→ **Data below**:
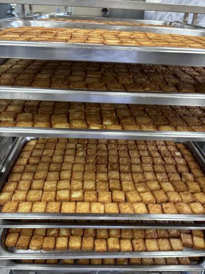 あつあげのしょうゆだれかけは、焼物機で焼いたあつあげに砂糖、みりん、こいくち醤油で煮立てたタレをかけて作ります。
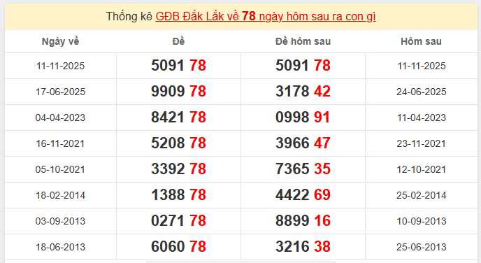 Thống kê GĐB DAKLAK về 78 ngày hôm sau ra con gì
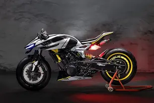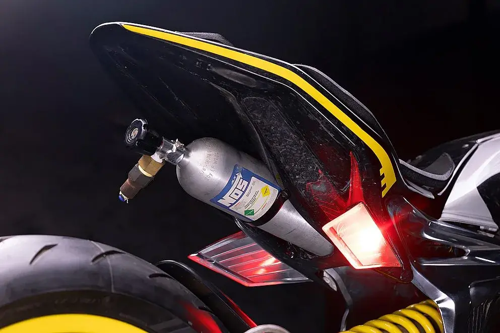 Il frontale è dominato da una carenatura aggressiva con due alette che ricordano le superbike e le streetfighter moderne. La posizione della carena è regolabile, così la moto può essere configurata per l'uso stradale o per le gare di drag. Dietro c'è una coda affilata con sella stampata in 3D . La bombola Nos sotto la coda non è lì per bellezza: funziona davvero. "Sottolinea che questa special è pensata per performare, non solo per fare scena", precisa Nanda. Gli indicatori di direzione posteriori sono integrati nelle alette del fanale, aggiungendo un tocco da anime giapponese.

→ **Work task**: Word for word, restate all of the data, but do not copy the pictures.

→ **Task solution**:
 あつあげのしょうゆだれかけは、焼物機で焼いたあつあげに砂糖、みりん、こいくち醤油で煮立てたタレをかけて作ります。
 Thống kê GĐB DAKLAK về 78 ngày hôm sau ra con gì
 Il frontale è dominato da una carenatura aggressiva con due alette che ricordano le superbike e le streetfighter moderne. La posizione della carena è regolabile, così la moto può essere configurata per l'uso stradale o per le gare di drag. Dietro c'è una coda affilata con sella stampata in 3D . La bombola Nos sotto la coda non è lì per bellezza: funziona davvero. "Sottolinea che questa special è pensata per performare, non solo per fare scena", precisa Nanda. Gli indicatori di direzione posteriori sono integrati nelle alette del fanale, aggiungendo un tocco da anime giapponese.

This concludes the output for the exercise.